I'd like to delve into a technology I have research experience with: the InterPlanetary File System (IPFS). While the original IPFS white paper - IPFS - Content Addressed, Versioned, P2P File System - was influential, it is not peer reviewed. Therefore, I'll focus on a related paper presented at the NSDI '24 conference, a prestigious venue in distributed systems research. This paper was also discussed in Stanford's CS244b class.
For background, I recommend reading Dynamo: Amazon's Highly Available Key-value Store, where I discuss consistent hashing and its techniques.
Now, let's explore some fundamental concepts of IPFS.
Decentralized Web
Traditional websites are like 1800 numbers - rely solely on the website owner to bear the costs of hosting and computation.
In contrast, decentralized web leverage a distributed network of nodes. This means that the computational burden, and therefore the associated costs, can be shared among numerous participants, regardless of the website's traffic load.
Decentralized web is popularly called Web3.
Decentralized File System
A decentralized file system represents each file block by its cryptographic hash. This hash uniquely identifies the block's content. Subsequently, these hashes are mapped to locations on a decentralized network of servers.
InterPlanetary File System (IPFS)
IPFS is a decentralized file that:
- Divides files into blocks.
- Generates a unique Content Identifier (CID) for each block using cryptographic hashing.

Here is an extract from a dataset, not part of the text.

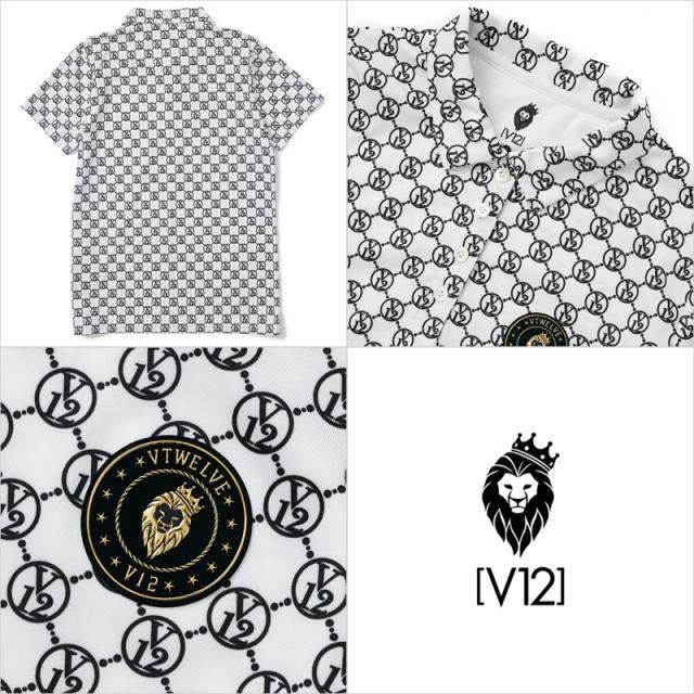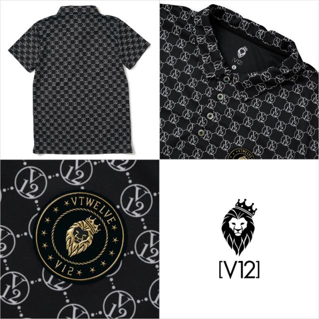 V12オリジナルのモノグラム柄が全面にプリントされた存在感抜群の半袖ポロシャツ。

- Stores the mapping of CIDs to their locations on a Distributed Hash Table (DHT).
IPFS DHT Entries
Two key entries within the IPFS DHT are:
- Provider Records: Map CIDs to the PeerIDs of nodes that possess the corresponding blocks.
- Peer Records: Map PeerIDs to their respective Multiaddresses. Multiaddresses enable flexible p2p communication across various protocols (e.g., IPv4, IPv6, HTTP).
IPFS Lookup
To retrieve a file, the BitSwap protocol (described later) is used.
Kademlia Hash
Kademlia, developed by P. Maymounkov and D. Mazières in 2002, has gained prominence through its use in trackerless BitTorrent and currently serves as the DHT for IPFS.

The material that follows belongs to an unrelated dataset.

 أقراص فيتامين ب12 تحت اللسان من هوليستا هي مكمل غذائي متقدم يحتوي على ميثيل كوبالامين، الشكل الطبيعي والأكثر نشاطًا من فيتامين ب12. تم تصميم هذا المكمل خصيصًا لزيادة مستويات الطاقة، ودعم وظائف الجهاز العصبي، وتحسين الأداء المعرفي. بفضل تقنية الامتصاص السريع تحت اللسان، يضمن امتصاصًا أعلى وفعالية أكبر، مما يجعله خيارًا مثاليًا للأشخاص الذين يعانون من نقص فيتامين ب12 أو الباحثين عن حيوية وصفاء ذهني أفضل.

Kademlia arranges the virtual nodes into leaves of a full binary tree. Note that the same physical machine may be placed at multiple leafs of the tree in the form of virtual nodes.
XOR Properties
- The XOR distance between a node and itself is zero.
- Symmetry: The XOR distance between any two nodes (A and B) is the same regardless of the order (i.e., distance(A, B) = distance(B, A)).
- Triangle Inequality: For any three nodes (A, B, and C), the XOR distance between A and B is less than or equal to the sum of the XOR distances between A and C, and C and B.
Routing Algorithm
Each node is assigned a unique identifier (e.g., a hash value).
Each node maintains a routing table with entries based on its identifier's binary representation:
b1b2': Entries for nodes whose second bit differs.
b1b2b3': Entries for nodes whose third bit differs, and so on.
When a node receives a request for a specific hash, it checks if it owns the hash. If not, it forwards the request to a neighboring node that is "closer" in terms of their identifier's binary representation (i.e., differs in fewer bits).XOR Trie
- All binary strings inserted into the trie must be of same length.
- Both child branches of a node are either both empty (nil) or both non-empty.
- If both child branches are non-empty, the node itself has no key associated with it.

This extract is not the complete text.